The FE-SEM images of Mg (OH)2/CdS samples are shown in Fig. 2. Pure Mg (OH)2 showed platelet-like morphology, after surface modification with citric acid (Fig.S2). In the presence of citric acid, the crystallinity and precipitation dispersibility of Mg (OH)2 was improved drastically . In the final step of the synthesis, using the precipitation method, nanoneedles were obtained. Our results were in good agreement with the following data . Herein the crystal growth was observed, in which the length of Mg (OH)2nanoneedles was about 1000 nm and the diameter was found to be 20 ± 5 nm. It was also observed that some of the agglomerated CdS nanoparticles got deposited irregularly on the surface of Mg (OH)2. The elemental composition of Mg (OH)2/CdS hetero nanostructures was studied using EDX analysis (Fig. 2d). All the samples showed the presence of elements such as Mg, O, Cd, S, etc. The TEM and SAED images of Mg (OH)2/CdS samples were shown in Fig.3. The SAED patterns of Mg (OH)2/CdS hetero nanostructures confirmed the amorphous nature of the material and this could be due to the higher deposition of CdS NPs on the surface of Mg (OH)2 /CdS. Moreover, from the XRD pattern of CdS, as shown in Fig. S1. it’s clear that the obtained CdS nanomaterial was amorphous. Further, the determination of chemical state and chemical composition of Mg (OH)2/CdS sample was studied by XPS (Fig. 4), where Mg, O, Cd, S binding energy peaks and their oxidation states were revealed.
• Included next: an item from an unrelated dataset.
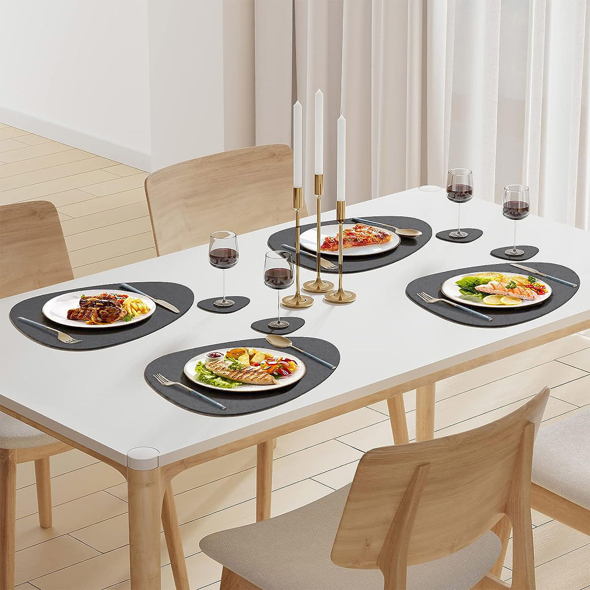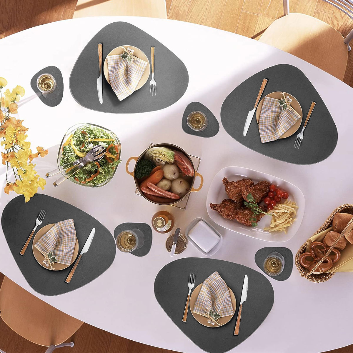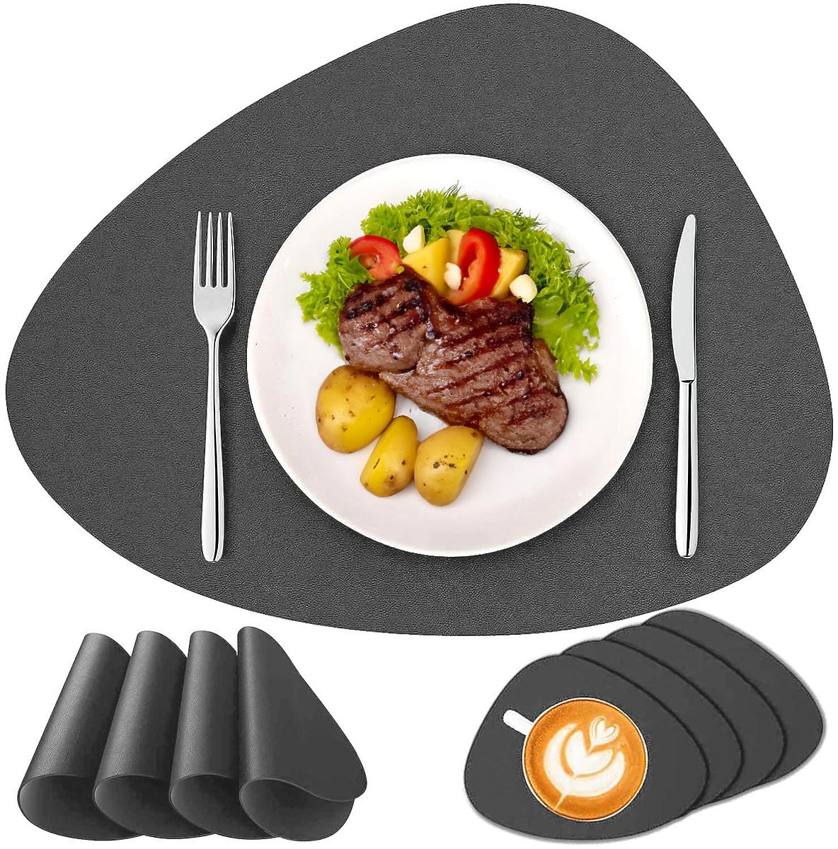 The Trival placemat set is a high-quality table placemat set in an elegant grey color, made from durable PVC material. This set is the perfect solution not only for protecting your table from stains and damage but also for adding elegance to your interior. The set includes 4 large mats, perfect for placing under plates, providing a stable and aesthetic base for your meals. Additionally, the set includes 4 smaller mats, ideal for cups and mugs, protecting the table surface from potential damage caused by hot beverages. The Trival placemat set not only cares for your table but also enhances its appearance.

Fig. 4a shows the detailed scan of Mg (OH)2 /CdS heteronanostructures, wherein the characteristic peaks of Mg (KLL), Cd 3p,3d, O 1s, and S2p were observed. Mg showed a binding energy peak at 51 eV corresponding to 2p(Fig.4c), which confirmed the presence of Mg+2. Further, the binding energy value of 1304eV was observed for Mg 1s(Fig.4d) and the value 50.5 eV was related to Mg-O/OH species in the spectra. For O 1s the Binding energy value 532.6 eV was observed(Fig.4b), which proved the existence of hydroxide form . Similarly, the binding energy peaks of Cd 3d3d5/2 and Cd 3d3d3/2 were recorded at 407eV and 412 eV and for S2p it was recorded at 161.5 eV and 162.7 eV, which showed the presence of sulfur in S2- form (Fig.4e,f). Our results corroborated well with the following data .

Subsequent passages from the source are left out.